The tournament begins on January 17 and requires all the players and staff members to either be vaccinated against Covid or have a medical exemption granted by an independent panel of experts.

This decision by the organisers has attracted the ire of Australians who haven't been able to travel within the country or globally. The decision has been regarded as highly controversial in a country that is seeing the virus spread like wildfire with the capital city, Melbourne, bearing some of the world's strictest restrictions. Not just this, netizens from across the world have reacted angrily and the exemption to play has invited major backlash. 

TWITTER REACTS

Many took to Twitter to share how they felt about the decision: 

Calling the decision 'a kick in the gut', users expressed their frustration

A user called out Djokovic's 'audacity' to post about the 'exemption' 

A slap in the face...

A user compared how Naomi Osaka was asked to withdraw from the French Open for not doing press interactions, while Djokovic was given a medical exemption to participate in the tournament. 

 

DJOKOVIC'S RESISTANCE TOWARDS VACCINE MANDATES

Djokovic, who is now confirmed to be unvaccinated, has been vocal about his resistance to vaccine mandates in the past, and called for freedom across the world. He been massively criticised for the same and is among the handful of players who've got the medical exemption to participate in the tournament.
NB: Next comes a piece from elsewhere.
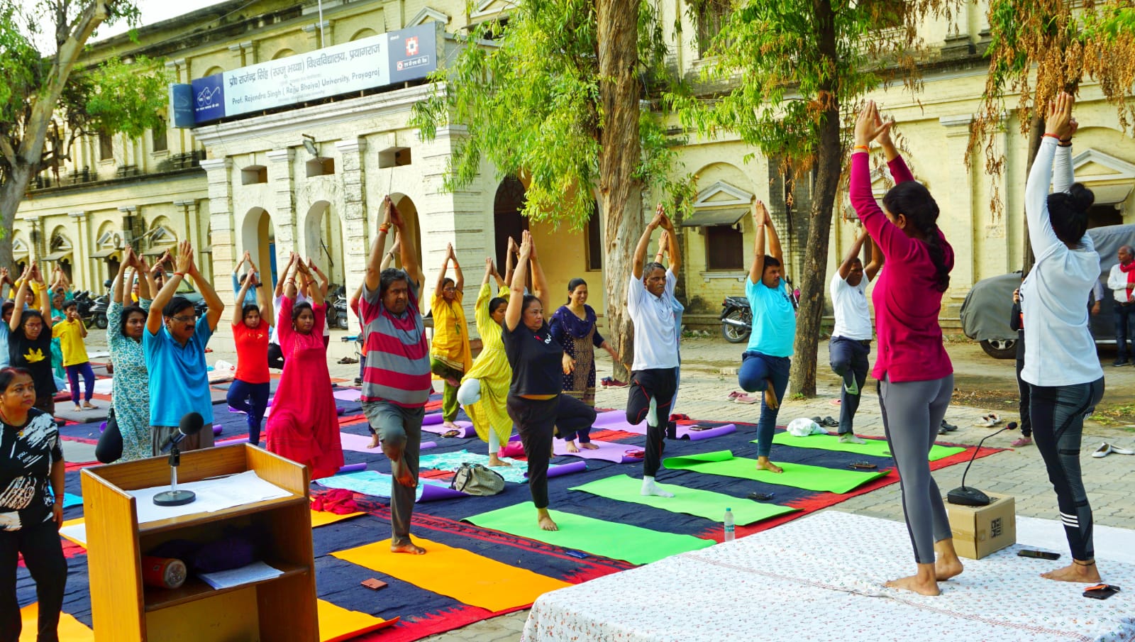वसुधैव कुटुंबकम की भावना को मजबूती प्रदान करने एवं मानव कल्याण के उद्देश्य से एवं आजादी के अमृत महोत्सव के अवसर पर इंस्टीट्यूट आफ एडवांस्ड स्टडीज इन एजुकेशन प्रयागराज ने आठवां अन्तर्राष्ट्रीय योग दिवस के उपलक्ष्य में संस्थान की प्राचार्य /अपर शिक्षा निदेशक ललिता प्रदीप के निर्देशन में दिनांक 17.06.2022 से 21.06.2022 तक संस्थान के परिसर में भव्य योग शिविर का आयोजन किया गया है। जिसका उद्घाटन संस्थान के प्राचार्य/अपर शिक्षा निदेशक, ललिता प्रदिप, ने दीप प्रज्वलित करके किया एवं संस्थान के प्रोफेसर गायत्री, प्रोफेसर संतराम सोनी, रीडर अशोक नाथ तिवारी, रीडर कमलेश बाबू एवं रमेश तिवारी ने मां सरस्वती की प्रतिमा पर माल्यार्पण किया। सरस्वती वन्दना एवं प्रार्थना गीत श्रीमती अमिता सिंह, मीनाक्षी पाल, डॉ रूपाली दिव्यम, स्मिता जायसवाल द्वारा प्रस्तुत किया गया। मंच का संचालन स्मिता जायसवाल ने किया जा रहा है। योग प्रशिक्षक श्री सदानंद, श्री सन्तोष सिंह(उ0प्र0 योग एसोसिएशन) डा0 दीप्ति योगेश्वर(एन0सी0सी0जेड उ0प्र0 प्रयागराज), श्री विक्रांत त्रिपाठी (आनन्द योगालय प्रयागराज) एवं कु0 रुचि गुप्ता (मण्डल अध्यक्ष प्रयागराज मण्डल प्रयागराज उ0प्र0 योग एसोसिएशन) ने विविध आसन के साथ सूर्य नमस्कार, भ्रामरी ,कपालभाति आदि का प्रशिक्षण दिया जा रहा है, जिसमें प्रयागराज जनपद के लगभग 100 से अधिक प्राथमिक विद्यालय के शिक्षक- शिक्षिकाओं ने प्रशिक्षण प्राप्त किया कार्यक्रम को सफल बनाने में श्रीमती अमिता सिंह, श्रीमती डी आबिदी, श्री उपेंद्रनाथ सिंह, श्री रणजीत, डा0 रूपाली दिव्यम् श्रीमती स्मिता जायसवाल, श्री विशाल गौरव, श्री अरविन्द साहू एवं श्री यशवंत कुमार ने महत्वपूर्ण भूमिका का निर्वहन कर रहे है।

BOARD ACKNOWLEDGES BACKLASH; EXPLAINS TWO-STAGED 'ROBUST' PROCESS
 

The Chief Executive of Tennis Australia, Craig Tiley said that 26 athletes applied for exemption permission but only "a handful" were granted, under guidelines set by federal regulators.

The state employment minister, Jaala Pulford, acknowledged that Australians would find the decision baffling, but said the board followed an “incredibly robust” process where Djokovic wasn't given any preference. 

Tennis Australia also mentioned that the particpants seeking the exemption went through a two-stage process — the application was first assessed by a panel of experts in Tennis Australia, and then by the Victorian government.